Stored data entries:
┄┄┄┄┄┄
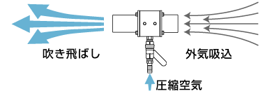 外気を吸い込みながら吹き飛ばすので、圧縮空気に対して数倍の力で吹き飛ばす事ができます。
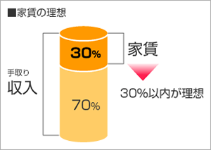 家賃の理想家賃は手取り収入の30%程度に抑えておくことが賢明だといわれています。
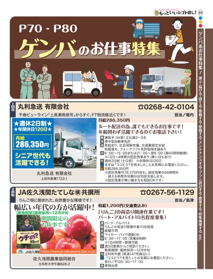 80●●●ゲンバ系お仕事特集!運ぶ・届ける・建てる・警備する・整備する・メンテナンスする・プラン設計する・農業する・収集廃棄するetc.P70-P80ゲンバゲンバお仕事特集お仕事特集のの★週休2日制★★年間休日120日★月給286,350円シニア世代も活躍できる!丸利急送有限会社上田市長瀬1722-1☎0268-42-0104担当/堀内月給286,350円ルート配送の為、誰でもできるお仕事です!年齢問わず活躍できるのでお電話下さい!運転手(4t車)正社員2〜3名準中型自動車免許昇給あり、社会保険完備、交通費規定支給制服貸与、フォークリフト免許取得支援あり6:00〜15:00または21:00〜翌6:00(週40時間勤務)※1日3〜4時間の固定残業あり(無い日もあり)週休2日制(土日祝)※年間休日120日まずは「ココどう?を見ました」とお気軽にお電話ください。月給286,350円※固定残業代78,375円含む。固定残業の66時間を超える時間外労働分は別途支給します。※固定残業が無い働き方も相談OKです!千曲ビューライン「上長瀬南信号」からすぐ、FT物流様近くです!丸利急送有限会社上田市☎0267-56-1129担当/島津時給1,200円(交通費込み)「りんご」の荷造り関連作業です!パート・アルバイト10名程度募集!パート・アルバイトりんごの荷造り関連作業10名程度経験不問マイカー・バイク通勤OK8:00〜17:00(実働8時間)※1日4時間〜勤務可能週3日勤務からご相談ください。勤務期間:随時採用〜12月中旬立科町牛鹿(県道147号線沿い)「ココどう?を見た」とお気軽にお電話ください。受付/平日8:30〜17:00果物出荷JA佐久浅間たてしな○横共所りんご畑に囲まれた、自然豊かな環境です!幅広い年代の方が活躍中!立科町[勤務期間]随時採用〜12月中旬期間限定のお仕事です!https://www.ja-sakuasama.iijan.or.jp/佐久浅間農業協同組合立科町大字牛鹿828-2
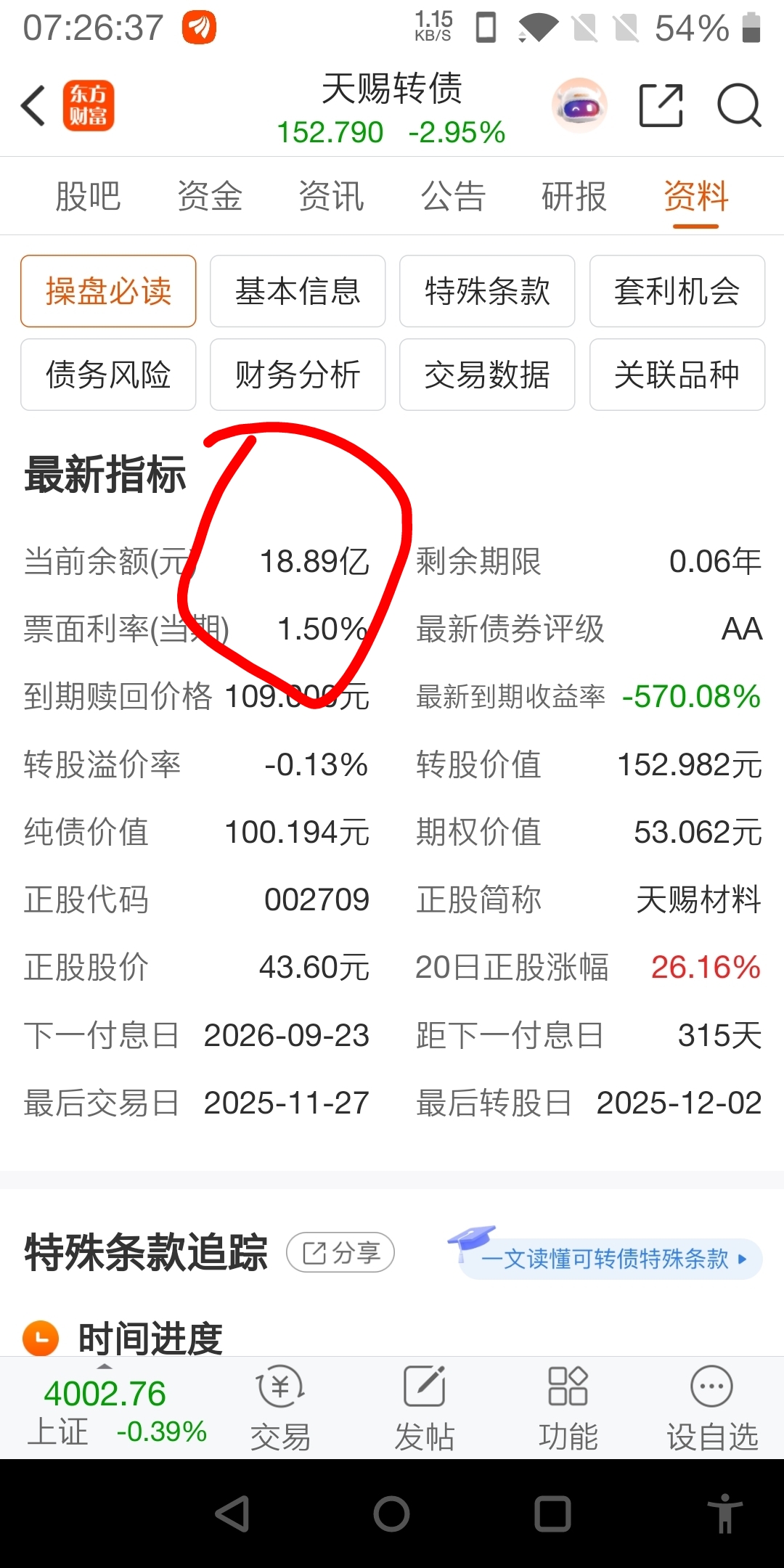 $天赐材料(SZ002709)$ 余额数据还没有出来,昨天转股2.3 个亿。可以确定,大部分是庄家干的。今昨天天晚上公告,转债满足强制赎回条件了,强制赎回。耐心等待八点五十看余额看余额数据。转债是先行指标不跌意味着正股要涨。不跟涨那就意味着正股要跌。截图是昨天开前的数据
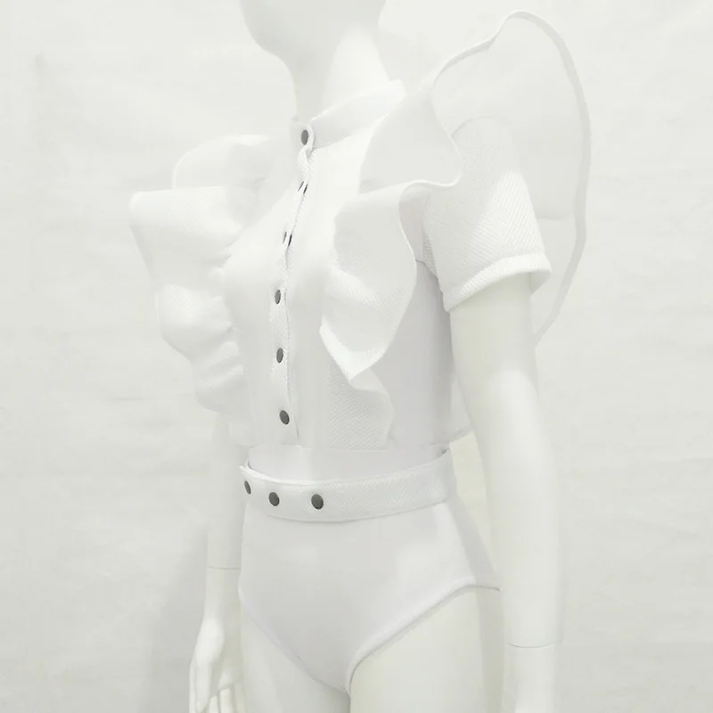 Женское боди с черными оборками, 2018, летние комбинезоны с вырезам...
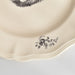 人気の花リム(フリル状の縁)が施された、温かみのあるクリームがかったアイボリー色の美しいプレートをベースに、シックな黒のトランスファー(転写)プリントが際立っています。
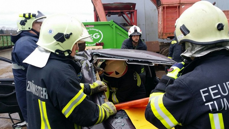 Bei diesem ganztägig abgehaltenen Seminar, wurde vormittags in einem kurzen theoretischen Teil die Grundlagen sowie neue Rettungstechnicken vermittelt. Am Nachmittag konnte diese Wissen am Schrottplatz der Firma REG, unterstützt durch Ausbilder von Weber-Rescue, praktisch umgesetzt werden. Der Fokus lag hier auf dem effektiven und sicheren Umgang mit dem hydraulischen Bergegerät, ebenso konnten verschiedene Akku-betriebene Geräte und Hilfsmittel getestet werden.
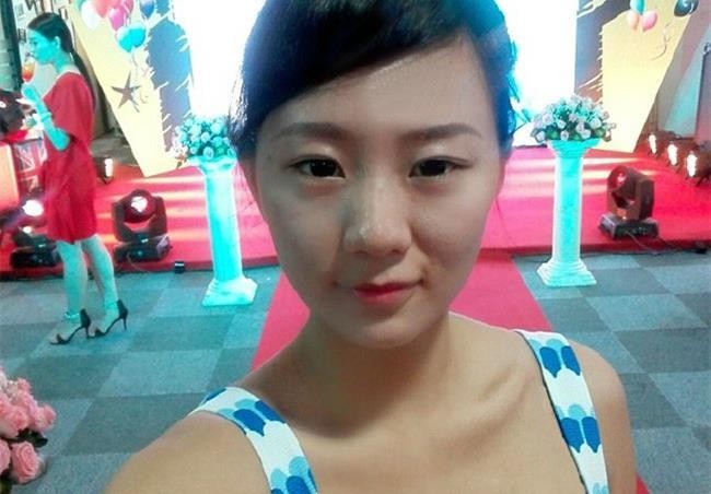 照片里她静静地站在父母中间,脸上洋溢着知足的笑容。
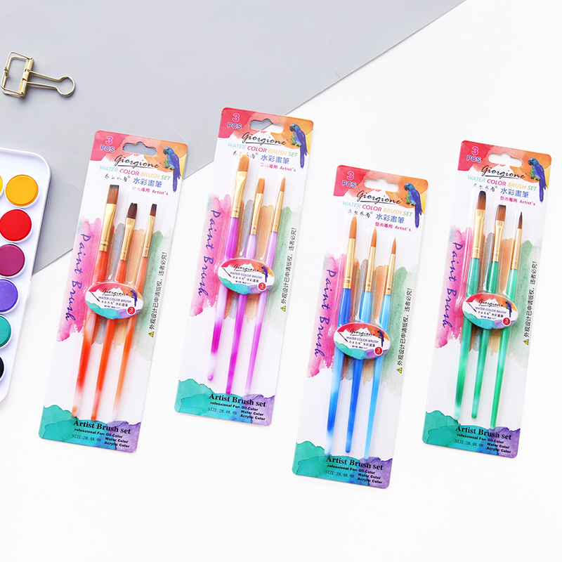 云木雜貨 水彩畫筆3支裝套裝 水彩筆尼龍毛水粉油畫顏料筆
┄┄┄┄┄┄
• **Try it**: Take the lines from the one holding "家賃の理想家賃は手取り収入の" through the final line of the records above and output them exactly, both ends included, excluding pictures.

• **Written response**:
 家賃の理想家賃は手取り収入の30%程度に抑えておくことが賢明だといわれています。
 80●●●ゲンバ系お仕事特集!運ぶ・届ける・建てる・警備する・整備する・メンテナンスする・プラン設計する・農業する・収集廃棄するetc.P70-P80ゲンバゲンバお仕事特集お仕事特集のの★週休2日制★★年間休日120日★月給286,350円シニア世代も活躍できる!丸利急送有限会社上田市長瀬1722-1☎0268-42-0104担当/堀内月給286,350円ルート配送の為、誰でもできるお仕事です!年齢問わず活躍できるのでお電話下さい!運転手(4t車)正社員2〜3名準中型自動車免許昇給あり、社会保険完備、交通費規定支給制服貸与、フォークリフト免許取得支援あり6:00〜15:00または21:00〜翌6:00(週40時間勤務)※1日3〜4時間の固定残業あり(無い日もあり)週休2日制(土日祝)※年間休日120日まずは「ココどう?を見ました」とお気軽にお電話ください。月給286,350円※固定残業代78,375円含む。固定残業の66時間を超える時間外労働分は別途支給します。※固定残業が無い働き方も相談OKです!千曲ビューライン「上長瀬南信号」からすぐ、FT物流様近くです!丸利急送有限会社上田市☎0267-56-1129担当/島津時給1,200円(交通費込み)「りんご」の荷造り関連作業です!パート・アルバイト10名程度募集!パート・アルバイトりんごの荷造り関連作業10名程度経験不問マイカー・バイク通勤OK8:00〜17:00(実働8時間)※1日4時間〜勤務可能週3日勤務からご相談ください。勤務期間:随時採用〜12月中旬立科町牛鹿(県道147号線沿い)「ココどう?を見た」とお気軽にお電話ください。受付/平日8:30〜17:00果物出荷JA佐久浅間たてしな○横共所りんご畑に囲まれた、自然豊かな環境です!幅広い年代の方が活躍中!立科町[勤務期間]随時採用〜12月中旬期間限定のお仕事です!https://www.ja-sakuasama.iijan.or.jp/佐久浅間農業協同組合立科町大字牛鹿828-2
 $天赐材料(SZ002709)$ 余额数据还没有出来,昨天转股2.3 个亿。可以确定,大部分是庄家干的。今昨天天晚上公告,转债满足强制赎回条件了,强制赎回。耐心等待八点五十看余额看余额数据。转债是先行指标不跌意味着正股要涨。不跟涨那就意味着正股要跌。截图是昨天开前的数据
 Женское боди с черными оборками, 2018, летние комбинезоны с вырезам...
 人気の花リム(フリル状の縁)が施された、温かみのあるクリームがかったアイボリー色の美しいプレートをベースに、シックな黒のトランスファー(転写)プリントが際立っています。
 Bei diesem ganztägig abgehaltenen Seminar, wurde vormittags in einem kurzen theoretischen Teil die Grundlagen sowie neue Rettungstechnicken vermittelt. Am Nachmittag konnte diese Wissen am Schrottplatz der Firma REG, unterstützt durch Ausbilder von Weber-Rescue, praktisch umgesetzt werden. Der Fokus lag hier auf dem effektiven und sicheren Umgang mit dem hydraulischen Bergegerät, ebenso konnten verschiedene Akku-betriebene Geräte und Hilfsmittel getestet werden.
 照片里她静静地站在父母中间,脸上洋溢着知足的笑容。
 云木雜貨 水彩畫筆3支裝套裝 水彩筆尼龍毛水粉油畫顏料筆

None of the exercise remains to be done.